● **Raw data**:
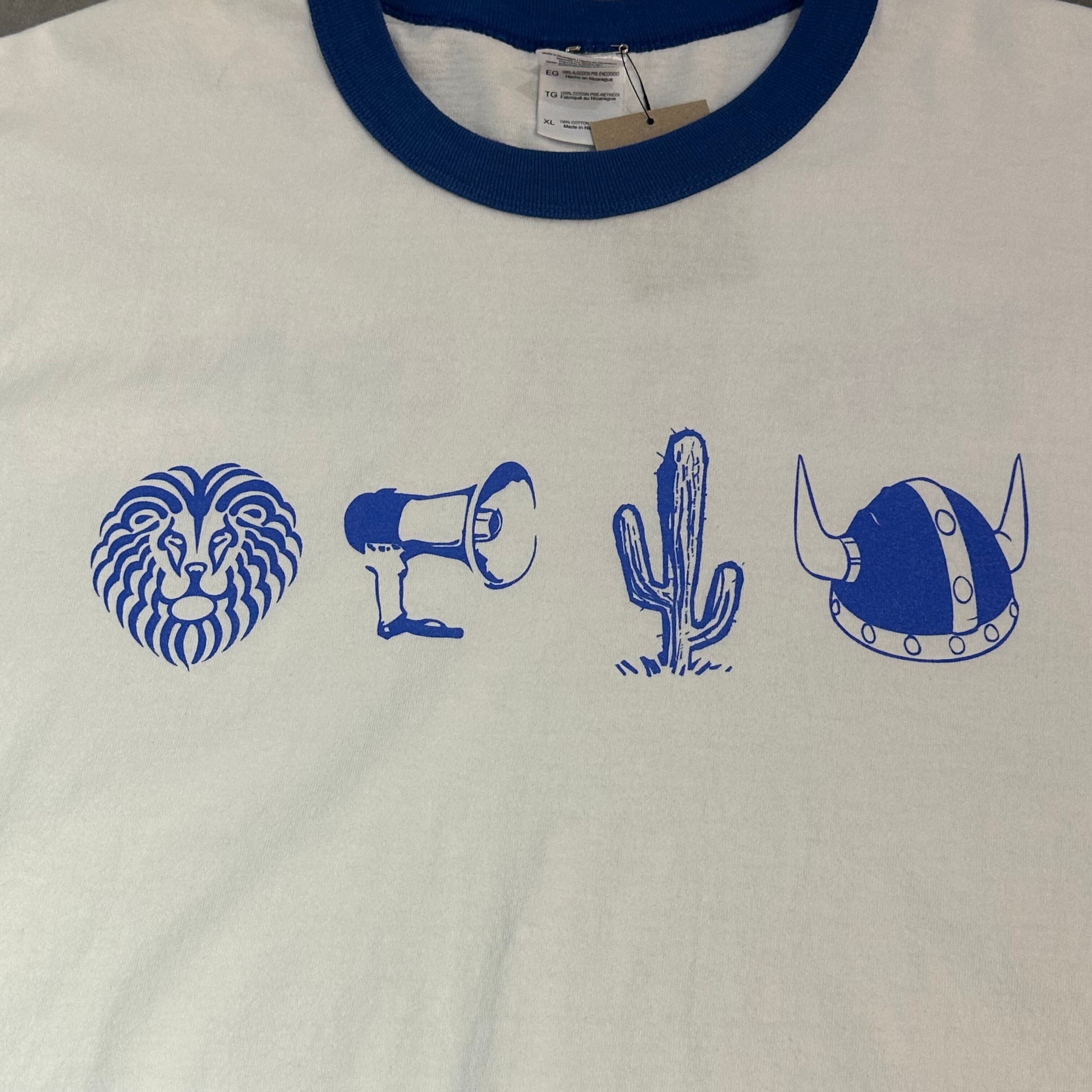 フロントにはライオン、メガホン、サボテン、バイキングヘルメットという、ちょっと不思議でユーモラスな4つのモチーフを並べたプリント。
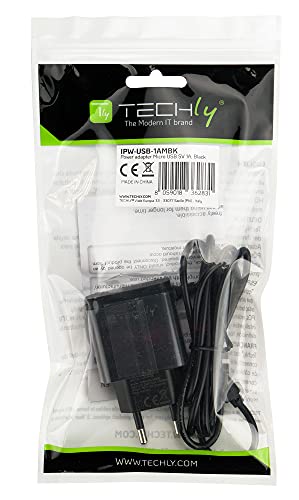 TECHLY 362831 Caricabatterie Alimentatore Micro USB 5V 1A per Smartphone Tablet Nero Nero
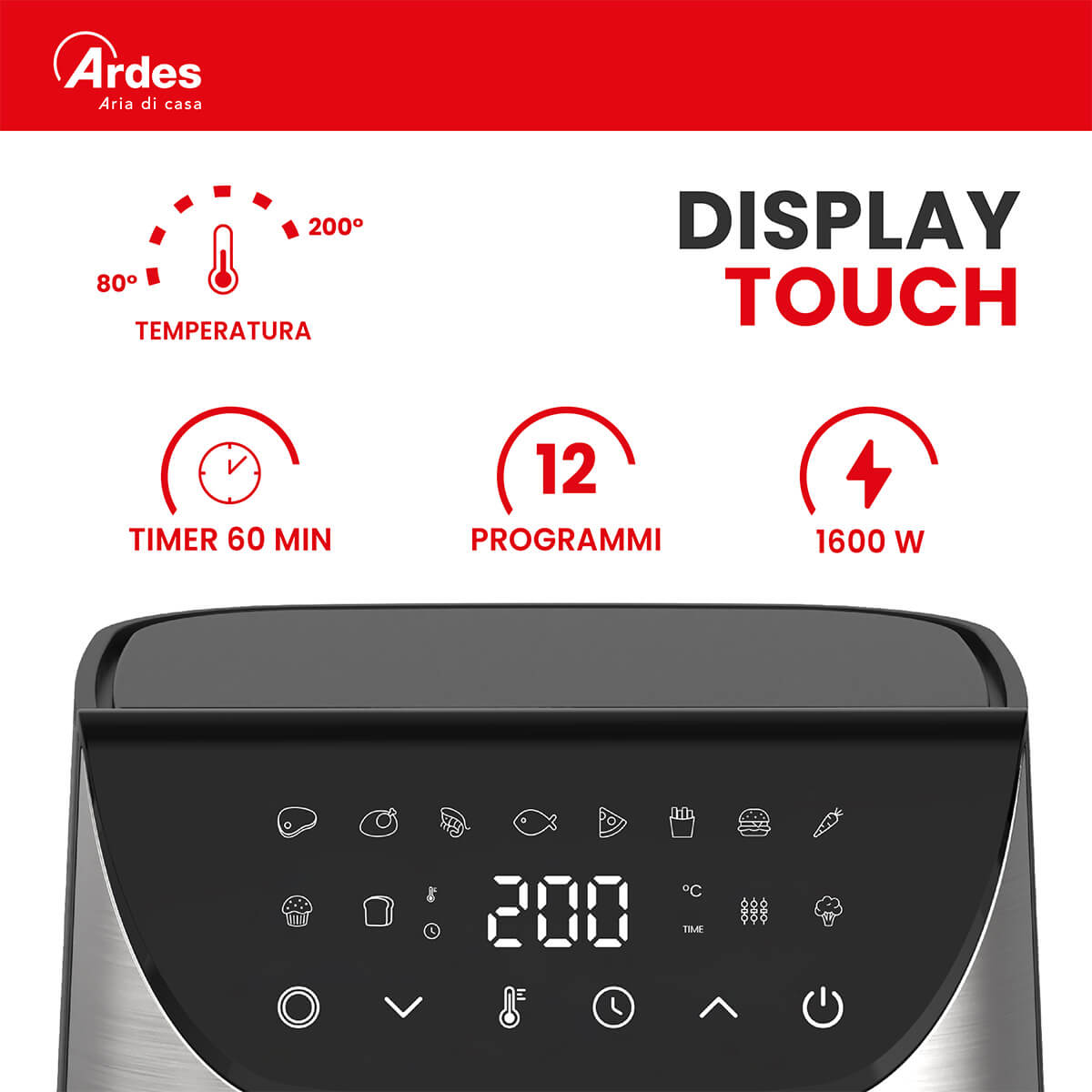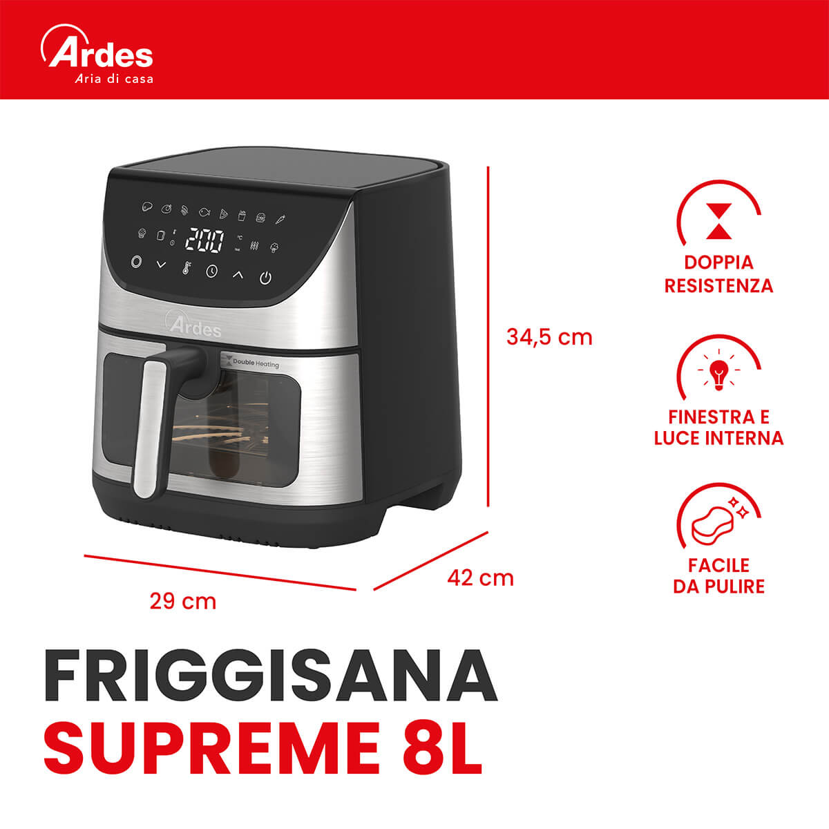 Quello che si può friggere o cuocere in forno, si può cucinare anche con Friggisana Supreme 8L. La finestra e la luce interna permettono di monitorare la cottura del cibo senza aprire il cestello. Cottura uniforme e nessun bisogno di scuotere il cibo grazie alla doppia resistenza. La Tecnologia Rapid Air permette di generare un flusso di aria calda in grado di cuocere uniformemente e velocemente un gran numero di piatti. Può cuocere senza olio o con l80% di olio in meno rispetto a una friggitrice tradizionale. Minor consumo dolio, minori odori in cucina. Facile da pulire, grazie alla griglia e al contenitore antiaderenti. Griglia 25,2 x 25,2 cm. Pareti interne in acciaio. Display digitale touch, 12 programmi di cottura preimpostati. Temperatura regolabile 80200 °C. Timer 60 minuti.

● **Work item**: Each line of the data must be restated exactly, and the pictures must be left out.

● **Output**:
 フロントにはライオン、メガホン、サボテン、バイキングヘルメットという、ちょっと不思議でユーモラスな4つのモチーフを並べたプリント。
 TECHLY 362831 Caricabatterie Alimentatore Micro USB 5V 1A per Smartphone Tablet Nero Nero
 Quello che si può friggere o cuocere in forno, si può cucinare anche con Friggisana Supreme 8L. La finestra e la luce interna permettono di monitorare la cottura del cibo senza aprire il cestello. Cottura uniforme e nessun bisogno di scuotere il cibo grazie alla doppia resistenza. La Tecnologia Rapid Air permette di generare un flusso di aria calda in grado di cuocere uniformemente e velocemente un gran numero di piatti. Può cuocere senza olio o con l80% di olio in meno rispetto a una friggitrice tradizionale. Minor consumo dolio, minori odori in cucina. Facile da pulire, grazie alla griglia e al contenitore antiaderenti. Griglia 25,2 x 25,2 cm. Pareti interne in acciaio. Display digitale touch, 12 programmi di cottura preimpostati. Temperatura regolabile 80200 °C. Timer 60 minuti.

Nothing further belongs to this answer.